State trooper remembered as ‘outstanding human being’
By Casey Toner firstname.lastname@example.org
Illinois State Police Director Hiram Grau remembered fallen Trooper James Sauter during Tuesday’s funeral service as a man who had a lasting impact on everyone who knew him.
“His gentle and fun loving spirit will always be with us,” Grau said. “Trooper Jim Sauter, your watch has ended.”
Grau was one of many family, friends, well-wishers and emergency responders who packed Moraine Valley Baptist Church in Palos Heights for Sauter’s funeral. His casket was draped in an American flag.
Sauter, 28, died Thursday after a semi truck hit his police cruiser on the Tri-State Tollway in Northbrook.
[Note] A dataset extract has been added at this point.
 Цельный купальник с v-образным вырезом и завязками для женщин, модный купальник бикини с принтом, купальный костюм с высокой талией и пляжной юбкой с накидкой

Sauter, who is survived by his wife, Elizabeth, and other family, had been a trooper for nearly five years. Thousands of police and other first responders showed up at the funeral, packing the church parking lot as well as nearby residential streets and parking lots of adjacent busineses.
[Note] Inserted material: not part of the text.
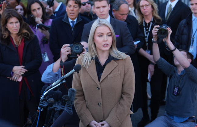 캐롤라인 레빗 미국 백악관 대변인이 24일(현지시간) 워싱턴DC 백악관에서 기자회견을 하고 있다. ⓒAP/뉴시스

Matt Sauter, James’ younger brother and a student at Richards High School, opted out of a tie and wore a Superman shirt in honor of his brother. He also had all of the state troopers, dressed in their formal green suitcoats, stand up so he could thank them.
He remembered James being there to set him straight if he was acting like a bad son or a brother.
“He always tried being my second father,” Matt said. “I’m blessed with a gift many don’t have. A gift of a big brother.”
The service was alternately solemn and light-hearted. Sauter’s aunt, Patti Duffin, remembered how she once put James in charge of the other children for a round of trick or treating.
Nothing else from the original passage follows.